Before many spectators had taken their seats, England were, unbelievably, 20 for six, the sixth wicket falling earlier than in any other one-dayer, and Rabada had claimed four of them with an outstanding display of fast bowling.

There was no way back from there but at least the man who cannot force his way into England’s first-choice side, however hard he tries, provided another compelling case for his inclusion.

South Africa's players celebrate taking the wicket of England's Jonny Bairstow. Photo: Kirsty Wigglesworth/AP

It still seems likely that Jonny Bairstow will be missing when England step out at The Oval on Thursday but he surely cannot do any more to prove that he should be squeezed into the team.

Here Bairstow steadied England’s ship, making sure they surpassed their worst one-day total of 86 and gave the spectators something of a game with another half-century.

England have paid the price for making late changes before a big tournament before, most recently when Gary Ballance was summoned on the eve of the last World Cup, but they must think hard about Bairstow.

Providing Stokes is fit, Roy is the most vulnerable member of England’s batting line-up after a run of four single-figure scores in his last five one-day internationals and a miserable time in the Indian Premier League.

And Bairstow has good credentials to play as an opener, highlighted when he smashed 174 for Yorkshire in 50-over cricket against Durham this season.

England rate Roy very highly while Morgan, for some reason, seems to have reservations about the merits of Bairstow, but if the Surrey man survives he will be under huge scrutiny.

Even Bairstow gave his wicket away on Wednesday when, old-fashioned though it might be, England would have been better off trying to use up their overs, especially with rain forecast.

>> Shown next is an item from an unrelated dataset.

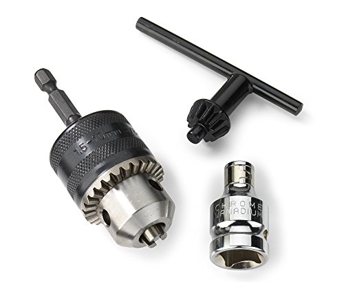 For use with 1/4-inch impact driver or 1/2-inch impact wrench, 3/8-inch chuck allows you to lock and release bits to help keep you on task on the job. Heavy duty design. Special quenching treated key parts increases durability.

Keshav Maharaj celebrates with AB de Villiers after England's Jonny Bairstow was stumped by Quinton de Kock. Photo: Steven Paston//PA via AP

But it is hard to criticise Bairstow for being stumped off a rare ball that turned from Keshav Maharaj when there was such an inviting gap and England were running out of wickets.

David Willey added 62 with Bairstow before one of the three players called up on the eve of the match to fill in for the injured trio omitted as a precaution, we are assured, showed why he too is pushing for a place.

Middlesex’s Toby Roland-Jones is highly regarded and came to prominence last year with a hat-trick against Yorkshire here at Lord’s to clinch the County Championship.

Now he showed guts and promise with the bat, hitting Chris Morris for six after being struck a nasty blow on the helmet and reaching 37 before Jake Ball and Steven Finn left 18.5 overs wasted.

Roland-Jones impressed with the ball too, bowling Hashim Amla. Ball was excellent in adding the scalps of Quinton de Kock and Faf du Plessis but England had not done enough to cause South Africa to wobble.

The visitors won with 127 balls in hand to end England’s run of eight successive one-day wins, but the series belonged to Morgan’s side for their wins at Headingley and Southampton.

Now they must ensure they pass their Champions Trophy examination after failing this mock.